● EXTRACTED RECORDS

□ □ □ □ □ □ □

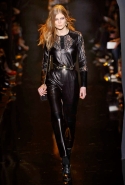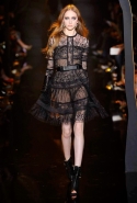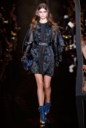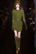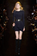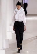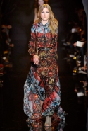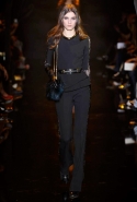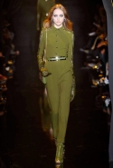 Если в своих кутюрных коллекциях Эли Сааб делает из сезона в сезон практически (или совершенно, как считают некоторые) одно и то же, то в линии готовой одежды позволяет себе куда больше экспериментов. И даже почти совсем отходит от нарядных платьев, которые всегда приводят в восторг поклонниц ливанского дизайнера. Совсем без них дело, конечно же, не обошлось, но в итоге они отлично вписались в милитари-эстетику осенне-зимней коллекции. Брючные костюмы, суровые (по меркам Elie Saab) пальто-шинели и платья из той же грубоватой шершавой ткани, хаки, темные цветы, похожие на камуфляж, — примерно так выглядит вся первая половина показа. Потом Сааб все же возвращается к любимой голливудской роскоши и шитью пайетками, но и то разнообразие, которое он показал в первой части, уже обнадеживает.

□ □ □ □ □ □ □

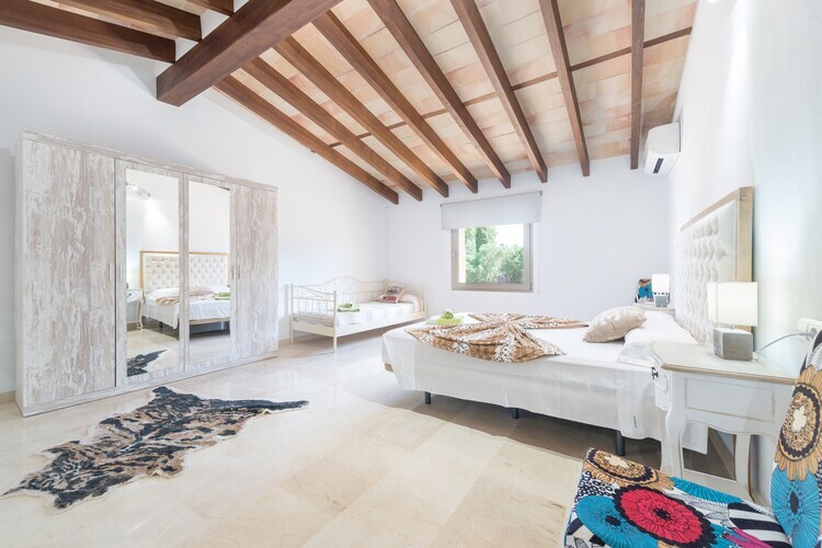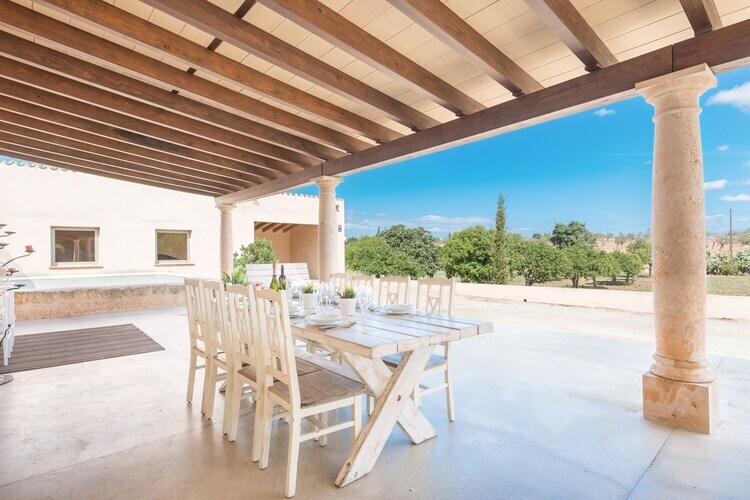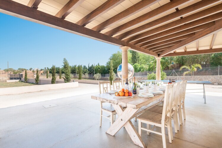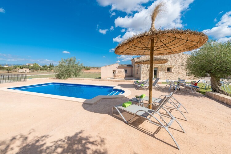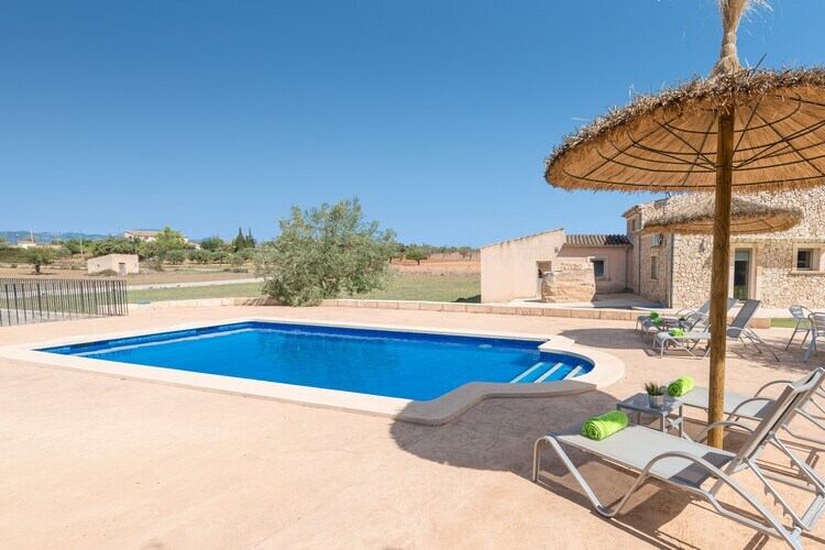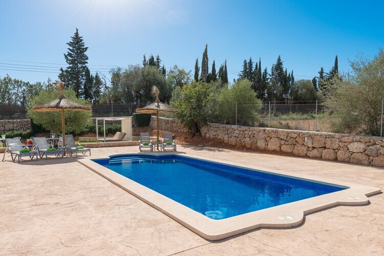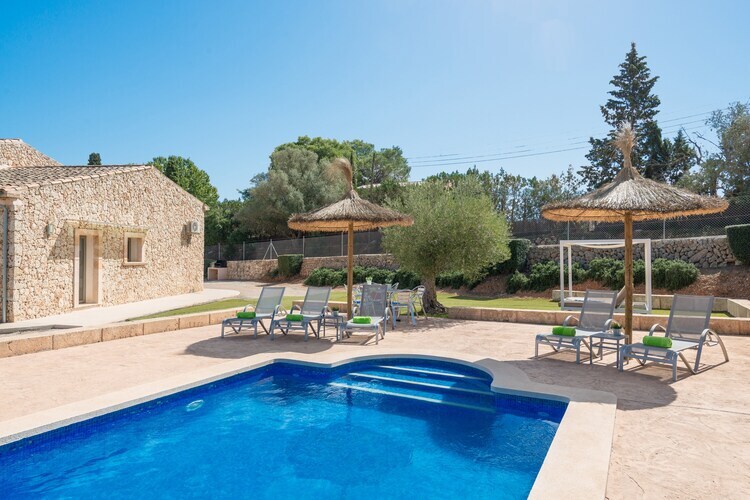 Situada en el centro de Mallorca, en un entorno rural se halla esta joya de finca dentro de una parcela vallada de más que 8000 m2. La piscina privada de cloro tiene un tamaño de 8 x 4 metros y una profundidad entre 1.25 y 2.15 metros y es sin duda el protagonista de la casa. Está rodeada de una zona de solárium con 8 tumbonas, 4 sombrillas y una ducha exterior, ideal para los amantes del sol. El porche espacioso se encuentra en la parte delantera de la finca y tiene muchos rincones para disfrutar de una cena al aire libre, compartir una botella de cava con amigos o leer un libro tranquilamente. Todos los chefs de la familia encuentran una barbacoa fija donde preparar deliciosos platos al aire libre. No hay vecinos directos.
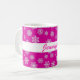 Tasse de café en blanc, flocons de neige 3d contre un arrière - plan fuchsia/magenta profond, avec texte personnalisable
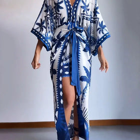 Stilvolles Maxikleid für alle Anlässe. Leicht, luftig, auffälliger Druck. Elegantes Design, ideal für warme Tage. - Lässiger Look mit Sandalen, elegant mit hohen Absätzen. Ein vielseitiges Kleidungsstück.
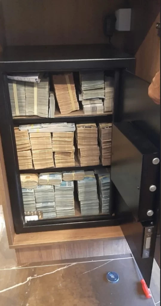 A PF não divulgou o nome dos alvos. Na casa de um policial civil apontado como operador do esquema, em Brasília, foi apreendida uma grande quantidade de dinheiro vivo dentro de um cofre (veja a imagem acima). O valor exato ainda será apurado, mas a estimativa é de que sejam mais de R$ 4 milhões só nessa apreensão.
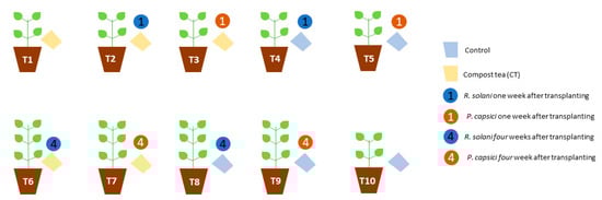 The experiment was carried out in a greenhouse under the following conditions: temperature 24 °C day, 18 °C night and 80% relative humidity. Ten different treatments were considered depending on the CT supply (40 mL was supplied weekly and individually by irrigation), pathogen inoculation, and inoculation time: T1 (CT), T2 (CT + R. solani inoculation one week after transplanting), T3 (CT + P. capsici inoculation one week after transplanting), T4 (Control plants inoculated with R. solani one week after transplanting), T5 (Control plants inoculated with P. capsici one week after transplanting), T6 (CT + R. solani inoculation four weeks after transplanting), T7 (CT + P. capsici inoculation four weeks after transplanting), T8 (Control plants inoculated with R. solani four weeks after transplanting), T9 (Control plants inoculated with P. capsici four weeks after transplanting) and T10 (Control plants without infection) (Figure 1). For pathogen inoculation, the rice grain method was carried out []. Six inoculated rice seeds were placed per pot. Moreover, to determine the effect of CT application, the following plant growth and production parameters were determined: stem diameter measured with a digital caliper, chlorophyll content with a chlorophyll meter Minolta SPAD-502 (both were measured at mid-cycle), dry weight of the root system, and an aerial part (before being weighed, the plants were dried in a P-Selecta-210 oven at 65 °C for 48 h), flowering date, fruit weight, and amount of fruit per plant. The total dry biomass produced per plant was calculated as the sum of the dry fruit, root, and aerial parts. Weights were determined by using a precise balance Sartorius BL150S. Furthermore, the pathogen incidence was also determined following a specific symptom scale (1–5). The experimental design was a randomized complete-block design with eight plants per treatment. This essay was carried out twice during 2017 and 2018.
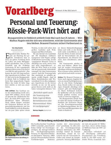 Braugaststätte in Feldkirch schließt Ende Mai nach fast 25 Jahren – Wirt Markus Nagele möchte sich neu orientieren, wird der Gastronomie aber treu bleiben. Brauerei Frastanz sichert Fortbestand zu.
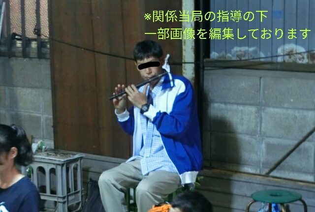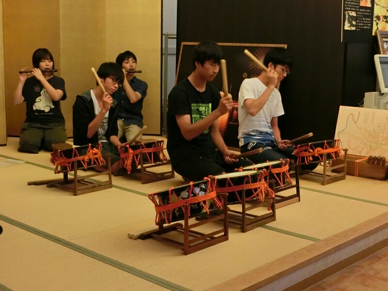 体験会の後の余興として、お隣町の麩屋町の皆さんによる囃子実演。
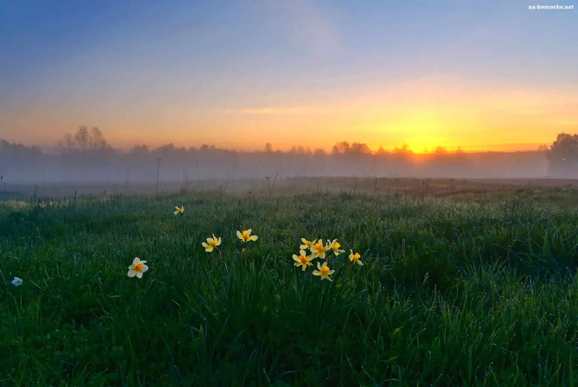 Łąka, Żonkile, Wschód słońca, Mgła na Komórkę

□ □ □ □ □ □ □

● PROMPT
For this exercise, reproduce exactly the lines of the records above from the one with "Braugaststätte in Feldkirch" up to and including the one with "Łąka, Żonkile, Wschód", without pictures.

● WRITTEN SOLUTION
 Braugaststätte in Feldkirch schließt Ende Mai nach fast 25 Jahren – Wirt Markus Nagele möchte sich neu orientieren, wird der Gastronomie aber treu bleiben. Brauerei Frastanz sichert Fortbestand zu.
 体験会の後の余興として、お隣町の麩屋町の皆さんによる囃子実演。
 Łąka, Żonkile, Wschód słońca, Mgła na Komórkę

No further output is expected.